Он говорил до утра, говорил и тогда, когда она уснула у него на плече. Около шести разбудил: «Тебе пора». – «Соседи увидят?» – «Я беспокоюсь о тебе». – «Разве?» – «Танечка, любовь, конечно, изгоняет страх, но ведь эта пламенная сентенция родилась в древней Иудее, там все было по-другому… К нам бы апостола Павла, на пару часов…» – «И что же?» – «Он бы отрекся от этих слов». – «А ты? – она словно проколола его насквозь мгновенным взглядом. – Можешь не отвечать.
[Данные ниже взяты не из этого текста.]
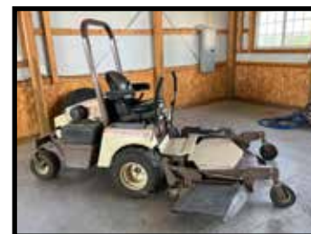
Grasshopper 725 D, max torque diesel 61", 900 hours, one owner
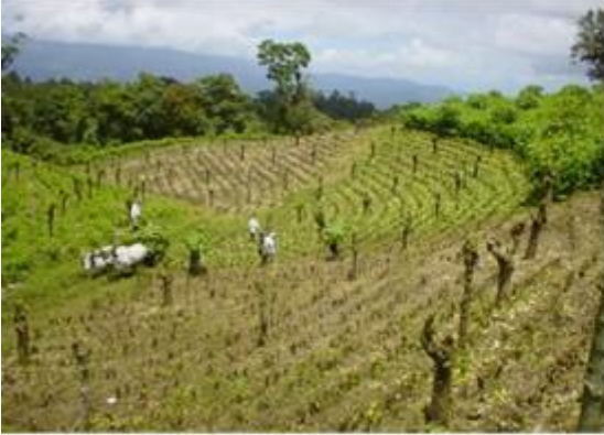
Mulberry in association with Erythrina in Costa Rica
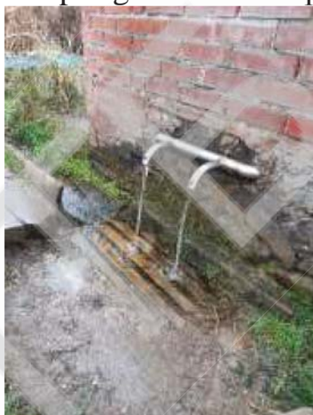
Figure 1. - Zhukovsky spring

To study the quality of drinking spring water, samples were taken at different seasons (summer and fall 2019) from groundwater springs located in Moscovsky (Hlibokiy Yar spring), Shevchenkivsky (spring Sarzhin Yar) and Kholodnogorsky (spring in “Yunost” park) districts, as well as on the territory of Zhukovsky village (Zhukovsky spring) within Kharkiv. Water from these springs is used by the townspeople for drinking and domestic purposes. Determination of spring water quality indices was performed on the basis of the Research Laboratory of Analytical Ecological Researches of the V. N. Karazin Kharkiv National University. Zhukovsky spring and spring in “Yunost” park are shown on the figures 1 and 2.
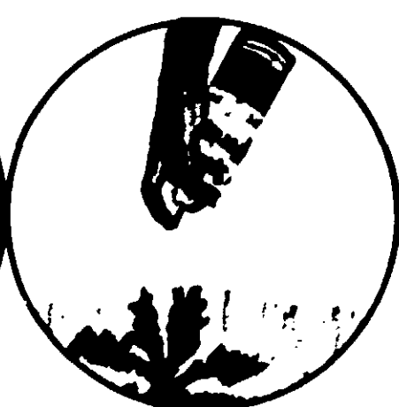
EASY TO APPLY

Прощай». И ушла. Отношения снова стали натянутыми. Таня была ригористкой и максималисткой от рождения. Любимое ее изречение – обрывок пошлого стихотворения – приводило Сергея в ярость: «Жить не уныло и не тайком, подобно горной нестись лавине, мне счастье нужно все, целиком, и мы не сойдемся на половине!» Какая гадость, гимн провинциальных девиц, мечтающих удачно выйти замуж… Он нажал рычаг.
Похороны Анисимова и Емышева состоялись на другой день на Завальном кладбище – это неблагозвучное название возникло оттого, что кладбище появилось в незапамятные времена за давно уже не существующим городским валом. При огромном стечении народа – собрался почти весь город – провожали погибших чекистов в последний путь. Красные гробы вынесли и поставили на грузовой автомобиль с откинутыми бортами, оркестр заиграл траурный марш Шопена, и грузовик медленно тронулся под неровные, неслаженные звуки. Следом шли сотрудники райотдела, потом работники горкома и исполкома, потом все остальные. Родных и близких у погибших не было, время, жестокое и непримиримое, мало кому из чекистов позволяло обзавестись семьей. Любовь требует душевной отдачи, цветов, свиданий, походов в кино, но не до этого было, и чекистские браки, как правило, были случайными и странными – вроде ханжонковского…
Но вот впереди обозначились тяжелые чугунные ворота с коваными венками, они были наглухо закрыты; когда-то, лет пятьдесят назад, какой-то шутник заклепал их в канун похорон городского головы, и того пришлось вносить на кладбище через специально сделанный пролом в стене. С тех пор никому и в голову не приходило распилить заклепы на воротах, и тысячи последующих процессий так и вносили своих покойников через пролом. Внесли и Анисимова с Емышевым – дорожка здесь была широкая, еще дореволюционная, современная исполнительная власть запрещала занимать ее под новые могилы, так что поначалу высоко поднятые на вытянутых руках гробы неторопливо и величественно, как и приличествовало печальному обряду, плыли над толпой, багровея среди не увядших еще листьев. Но потом дорожка сузилась, здесь запрет уже не действовал и могилы подступали вплотную, заставив большую часть провожавших разбрестись среди оград и крестов. Но и эта дорожка понемногу исчезла, превратившись в узенькую тропочку, – здесь и оркестр отошел в сторону, продолжая надрывно всхлипывать, впрочем, уже достаточно глухо: листва гасила звуки труб. Гробы понесли цугом, провожающих осталось с десяток, не больше, а когда и тропинка вдруг уперлась в высокую могильную ограду с острыми пиками на каждом штыре, процессия остановилась окончательно. Одни перелезли через ограду, другие передали им гробы, потом тоже перелезли и снова приняли погибших на руки, и так продолжалось до тех пор, пока оба гроба не оказались на крошечном пятачке возле двух вырытых рядом могил. Постепенно оркестр и провожающие сосредоточились в близлежащих оградах и просвечивали сквозь них светлыми плащами и белыми рубашками, путаница обелисков и крестов вдруг упорядочилась. Сцепура снял фуражку (по траурному случаю он надел форму) и, приведя свое излишне подвижное лицо в состояние окаменения, произнес слова, известные задолго до рождения не только погибших чекистов, но и той власти, которую они представляли и защищали.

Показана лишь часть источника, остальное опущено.